Try and separate your feelings about the situation between the two of you, stand back, be objective and be a proper parent. She needs you to put her first - never mind your feelings. They matter of course, but hers matter more at the moment.

It is hard but you must get a grip for your child's sake. You need out of that situation with your DD.

I was that child pawn - it is hell. YOU are her only rescue route.

reddwarfgeek · 13/04/2023 11:22

Morning everyone. Thank you for your replies.
Today I've had all morning, I hate mummy, stupid mummy from DD and partner joined in too!
I know she is only a child but it's very hard not to feel upset. Especially as I have to take her out on my own all day and tomorrow.
I feel she would be happier just with her dad?

OP posts:
PermanentTemporary · 13/04/2023 11:35

No. She wouldn't.

You've got to stop this. Hes got to stop this.

The relationship between you and your partner sounds awful. You need to be grown ups and sort it out. Get yourselves on a parenting course, together. Book it today, or at the very least contact your health visitor about it.

In the meantime, just laugh. 'Yes I'm cruel hard hearted mum who is the worst! Now I'm going to make you do the washing up, oh no!' Fill the sink with bubbles abd plates and play with her.

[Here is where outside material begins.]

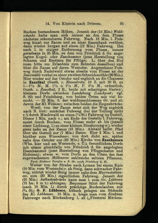 Buchen bestandenen Höhen. Jenseit der (10 Min.) Waldschenke halte man sich immer an den dem Flusse nächsten erkennbaren Fahrweg. Hach 18 Min. 1. Fufs- weg hinab zur Zanze und an einer Basenbank vorüber, dann wieder bergan auf einen (12 Min.) Fahrweg. Ihn nach 1. in einiger Entfernung vom Flusse, immer geradeaus in 25 Min. zu dem von Friedrich d. Gr. angelegten Kugel- oder Zanzhammer (jetzt Herstellung von Scharen und Brettern für Pflüge). L. über den Hof (man bitte um Erlaubnis zum Betreten desselben) und über die Zanze auf deren Westufer. Angenehmer Fufs- weg durch Nadelwald etwas abseits vom Flusse an der Zanzmühle vorbei zu einer zweiten Schneidemühle (20 Min.). Hier wieder auf das Ostufer und sogleich an die Chaussee in Zanzthal ( Gasth. z. Biesenkrebs, 10 Z. mit 20 B. zu 1 — l J /a M., M. VU u. P/a M., P. 3'/a M., ordentlich, Gasth. z. Zanzthal, 2 B., beide mit schattigem Garten), kleinem Dorfe zwischen Landsberg (Landpost; vgl. S. 92) und Friedeberg, von beiden Orten aus viel besucht. — 25 Min. ö. der waldumschlossene Gr. und so. davon der Kl. Welmsee ; zwischen beiden die Ziegenbrücke.

Carrotsandsuede · 13/04/2023 11:38

i Think you should leave for a weekend.

if money is tight then a premier inn for £30ish a night. Do at least 2-3 days.

I do not understand the posters bashing you for this post but not your DP. He swans off and leaves his DD all the time. But the OP is ‘abandoning’ her DD and it’s ‘unfathomable’ she has these thoughts? Sounds like double standards?

You need a break OP and then leave him but with 50/50 custody. Then reevaluate when that’s in place.

However for the time being I do think you need to go away for a few days. Sooner rather than later. Or you will reach breaking point and just walk out. Better you take this break now to be clear headed than break down and flip out and walk away.

sending you hugs OP. It’s not easy and your DD does love you. However you need to take care of yourself too so that you can take care of her in a healthy way.

coloursquare · 13/04/2023 11:41

You both need to learn how to be parents.

A 5 year old is not there to carry either of your emotional loads.

It's meant to be the other way around.

Sprogonthetyne · 13/04/2023 11:41

She's awful to you because she knows deep down your love is unconditional, so she feels safe to let her emotions out. Whereas she knows that if she's not sweet and lovely with her dad he won't bother at all, so although he gets the cuddles, it comes from insecurity not love.

Don't make a 5 year old live an unsecured life with an inadequate parent. The childhood you would be leaving her to live would emotionally damage her for life. How could you even think that was an appropriate punishment/ revenge(?) for a young child acting out when overwhelmed by developing emotions.

GoodChat · 13/04/2023 11:44

He's not capable of caring for a child. He's using her against you.

Separate from him and take her with you.

SeulementUneFois · 13/04/2023 11:58

Carrotsandsuede · 13/04/2023 11:38

i Think you should leave for a weekend.

if money is tight then a premier inn for £30ish a night. Do at least 2-3 days.

I do not understand the posters bashing you for this post but not your DP. He swans off and leaves his DD all the time. But the OP is ‘abandoning’ her DD and it’s ‘unfathomable’ she has these thoughts? Sounds like double standards?

You need a break OP and then leave him but with 50/50 custody. Then reevaluate when that’s in place.

However for the time being I do think you need to go away for a few days. Sooner rather than later. Or you will reach breaking point and just walk out. Better you take this break now to be clear headed than break down and flip out and walk away.

sending you hugs OP. It’s not easy and your DD does love you. However you need to take care of yourself too so that you can take care of her in a healthy way.

@reddwarfgeek
This OP.
Please do this.
Even the crappiest hotel is better than hearing how she hates you. At least you'll have a break from that.
Just get up at the weekend, leave the house and only text him to tell him after you left. Definitely don't tell him in advance as he'll leave instead to prevent it.